● Description of the task
Find the lines below holding the word "direct" and copy each of them.
· · · · ·
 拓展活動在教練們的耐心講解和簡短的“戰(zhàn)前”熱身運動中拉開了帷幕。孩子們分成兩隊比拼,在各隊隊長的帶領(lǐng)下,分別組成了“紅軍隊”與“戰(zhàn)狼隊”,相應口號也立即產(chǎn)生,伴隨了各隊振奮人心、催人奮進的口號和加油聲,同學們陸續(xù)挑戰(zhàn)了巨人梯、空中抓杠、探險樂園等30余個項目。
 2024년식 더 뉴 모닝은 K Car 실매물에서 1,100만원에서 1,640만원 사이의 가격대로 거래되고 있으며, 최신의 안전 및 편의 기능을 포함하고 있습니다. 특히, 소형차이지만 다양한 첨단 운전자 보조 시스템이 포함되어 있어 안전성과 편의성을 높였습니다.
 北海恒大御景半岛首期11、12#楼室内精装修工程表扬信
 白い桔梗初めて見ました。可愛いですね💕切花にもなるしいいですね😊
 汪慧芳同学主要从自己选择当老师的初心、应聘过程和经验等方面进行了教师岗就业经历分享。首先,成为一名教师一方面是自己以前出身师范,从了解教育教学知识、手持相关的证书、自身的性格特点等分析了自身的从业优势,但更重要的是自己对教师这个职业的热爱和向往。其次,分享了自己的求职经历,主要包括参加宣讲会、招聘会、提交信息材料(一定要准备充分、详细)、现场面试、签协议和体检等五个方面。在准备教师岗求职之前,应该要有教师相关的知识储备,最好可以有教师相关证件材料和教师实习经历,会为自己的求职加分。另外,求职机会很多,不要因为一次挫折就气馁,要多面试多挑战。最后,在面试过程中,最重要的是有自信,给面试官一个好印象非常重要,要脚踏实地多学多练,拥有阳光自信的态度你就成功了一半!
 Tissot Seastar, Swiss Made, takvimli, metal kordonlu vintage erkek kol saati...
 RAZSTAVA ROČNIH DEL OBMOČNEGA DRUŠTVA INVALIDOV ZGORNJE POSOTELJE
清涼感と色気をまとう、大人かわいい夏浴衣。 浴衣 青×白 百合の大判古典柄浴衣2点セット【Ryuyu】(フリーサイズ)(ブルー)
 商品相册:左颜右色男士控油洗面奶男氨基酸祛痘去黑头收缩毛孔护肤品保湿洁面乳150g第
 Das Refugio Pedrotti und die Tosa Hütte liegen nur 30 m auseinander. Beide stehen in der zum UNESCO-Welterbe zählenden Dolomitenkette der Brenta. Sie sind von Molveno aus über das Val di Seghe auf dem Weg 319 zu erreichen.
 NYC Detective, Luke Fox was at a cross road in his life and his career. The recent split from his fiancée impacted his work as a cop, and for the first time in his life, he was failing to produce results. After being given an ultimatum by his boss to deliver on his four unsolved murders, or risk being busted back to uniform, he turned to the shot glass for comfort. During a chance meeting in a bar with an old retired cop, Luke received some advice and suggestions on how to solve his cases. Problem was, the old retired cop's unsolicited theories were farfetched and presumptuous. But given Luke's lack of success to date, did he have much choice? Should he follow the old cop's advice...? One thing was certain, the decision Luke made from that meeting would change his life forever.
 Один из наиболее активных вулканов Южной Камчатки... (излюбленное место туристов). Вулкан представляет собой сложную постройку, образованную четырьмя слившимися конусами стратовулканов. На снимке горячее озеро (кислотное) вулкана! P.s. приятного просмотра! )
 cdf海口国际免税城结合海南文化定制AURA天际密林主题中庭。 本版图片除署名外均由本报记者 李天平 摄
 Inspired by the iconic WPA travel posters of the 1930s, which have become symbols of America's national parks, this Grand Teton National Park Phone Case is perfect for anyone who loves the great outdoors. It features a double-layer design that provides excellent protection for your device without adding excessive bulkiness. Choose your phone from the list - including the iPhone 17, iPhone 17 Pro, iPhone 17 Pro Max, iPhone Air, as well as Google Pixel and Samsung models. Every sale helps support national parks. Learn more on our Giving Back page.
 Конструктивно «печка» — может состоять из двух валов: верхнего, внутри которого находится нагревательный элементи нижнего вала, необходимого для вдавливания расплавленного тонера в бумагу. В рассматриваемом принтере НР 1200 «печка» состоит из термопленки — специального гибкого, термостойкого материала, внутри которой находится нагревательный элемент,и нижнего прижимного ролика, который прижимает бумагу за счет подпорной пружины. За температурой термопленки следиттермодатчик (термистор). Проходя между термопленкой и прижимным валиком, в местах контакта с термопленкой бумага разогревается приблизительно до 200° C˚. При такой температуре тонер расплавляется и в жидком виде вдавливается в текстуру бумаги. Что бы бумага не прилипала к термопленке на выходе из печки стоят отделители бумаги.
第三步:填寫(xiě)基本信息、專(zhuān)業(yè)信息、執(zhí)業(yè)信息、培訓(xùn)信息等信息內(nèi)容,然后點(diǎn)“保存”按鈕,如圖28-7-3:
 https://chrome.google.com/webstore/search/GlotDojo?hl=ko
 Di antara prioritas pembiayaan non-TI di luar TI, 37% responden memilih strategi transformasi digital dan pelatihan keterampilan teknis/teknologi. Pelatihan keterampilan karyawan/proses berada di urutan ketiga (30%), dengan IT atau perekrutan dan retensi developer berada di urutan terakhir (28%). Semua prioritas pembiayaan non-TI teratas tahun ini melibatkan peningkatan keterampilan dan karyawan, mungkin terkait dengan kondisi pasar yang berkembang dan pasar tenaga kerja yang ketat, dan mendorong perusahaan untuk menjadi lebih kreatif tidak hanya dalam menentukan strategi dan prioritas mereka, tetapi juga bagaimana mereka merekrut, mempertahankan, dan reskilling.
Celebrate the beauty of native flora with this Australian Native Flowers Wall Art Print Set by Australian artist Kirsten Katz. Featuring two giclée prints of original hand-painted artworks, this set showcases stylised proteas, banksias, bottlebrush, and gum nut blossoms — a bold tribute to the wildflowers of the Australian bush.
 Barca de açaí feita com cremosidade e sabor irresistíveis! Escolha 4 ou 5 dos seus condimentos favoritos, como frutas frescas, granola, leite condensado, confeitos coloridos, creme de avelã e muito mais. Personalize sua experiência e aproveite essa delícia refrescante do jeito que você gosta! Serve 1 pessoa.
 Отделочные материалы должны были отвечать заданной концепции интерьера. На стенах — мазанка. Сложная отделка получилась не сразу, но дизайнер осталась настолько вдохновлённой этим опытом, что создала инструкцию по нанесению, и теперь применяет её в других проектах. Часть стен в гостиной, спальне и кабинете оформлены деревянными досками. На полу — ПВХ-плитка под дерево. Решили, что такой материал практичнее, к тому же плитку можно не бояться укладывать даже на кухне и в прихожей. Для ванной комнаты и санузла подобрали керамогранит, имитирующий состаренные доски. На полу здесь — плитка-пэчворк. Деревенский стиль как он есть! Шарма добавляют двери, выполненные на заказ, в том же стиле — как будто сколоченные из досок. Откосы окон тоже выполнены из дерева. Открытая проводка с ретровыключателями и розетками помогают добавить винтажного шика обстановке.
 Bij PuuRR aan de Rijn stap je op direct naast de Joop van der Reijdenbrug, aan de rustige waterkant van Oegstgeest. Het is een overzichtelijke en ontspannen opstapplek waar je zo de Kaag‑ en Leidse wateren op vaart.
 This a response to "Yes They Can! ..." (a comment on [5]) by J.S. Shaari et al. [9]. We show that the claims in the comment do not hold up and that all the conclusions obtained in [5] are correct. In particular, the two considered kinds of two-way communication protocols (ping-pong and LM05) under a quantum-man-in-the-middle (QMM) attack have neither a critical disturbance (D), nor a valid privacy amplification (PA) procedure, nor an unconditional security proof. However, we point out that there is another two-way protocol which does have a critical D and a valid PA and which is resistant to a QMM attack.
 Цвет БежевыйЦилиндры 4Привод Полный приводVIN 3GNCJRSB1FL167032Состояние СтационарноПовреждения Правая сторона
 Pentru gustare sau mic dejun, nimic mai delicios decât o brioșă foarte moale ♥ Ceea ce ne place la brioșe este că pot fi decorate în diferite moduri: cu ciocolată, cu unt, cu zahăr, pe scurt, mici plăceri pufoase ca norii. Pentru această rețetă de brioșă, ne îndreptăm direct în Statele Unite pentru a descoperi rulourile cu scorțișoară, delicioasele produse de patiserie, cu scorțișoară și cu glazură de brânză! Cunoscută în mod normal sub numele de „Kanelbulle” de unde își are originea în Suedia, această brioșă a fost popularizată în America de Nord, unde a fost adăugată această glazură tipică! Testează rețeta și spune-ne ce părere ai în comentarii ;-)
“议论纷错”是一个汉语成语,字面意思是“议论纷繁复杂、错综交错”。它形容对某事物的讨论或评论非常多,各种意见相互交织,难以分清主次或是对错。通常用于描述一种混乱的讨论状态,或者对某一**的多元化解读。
· · · · ·
● Answer box
 Bij PuuRR aan de Rijn stap je op direct naast de Joop van der Reijdenbrug, aan de rustige waterkant van Oegstgeest. Het is een overzichtelijke en ontspannen opstapplek waar je zo de Kaag‑ en Leidse wateren op vaart.
 Pentru gustare sau mic dejun, nimic mai delicios decât o brioșă foarte moale ♥ Ceea ce ne place la brioșe este că pot fi decorate în diferite moduri: cu ciocolată, cu unt, cu zahăr, pe scurt, mici plăceri pufoase ca norii. Pentru această rețetă de brioșă, ne îndreptăm direct în Statele Unite pentru a descoperi rulourile cu scorțișoară, delicioasele produse de patiserie, cu scorțișoară și cu glazură de brânză! Cunoscută în mod normal sub numele de „Kanelbulle” de unde își are originea în Suedia, această brioșă a fost popularizată în America de Nord, unde a fost adăugată această glazură tipică! Testează rețeta și spune-ne ce părere ai în comentarii ;-)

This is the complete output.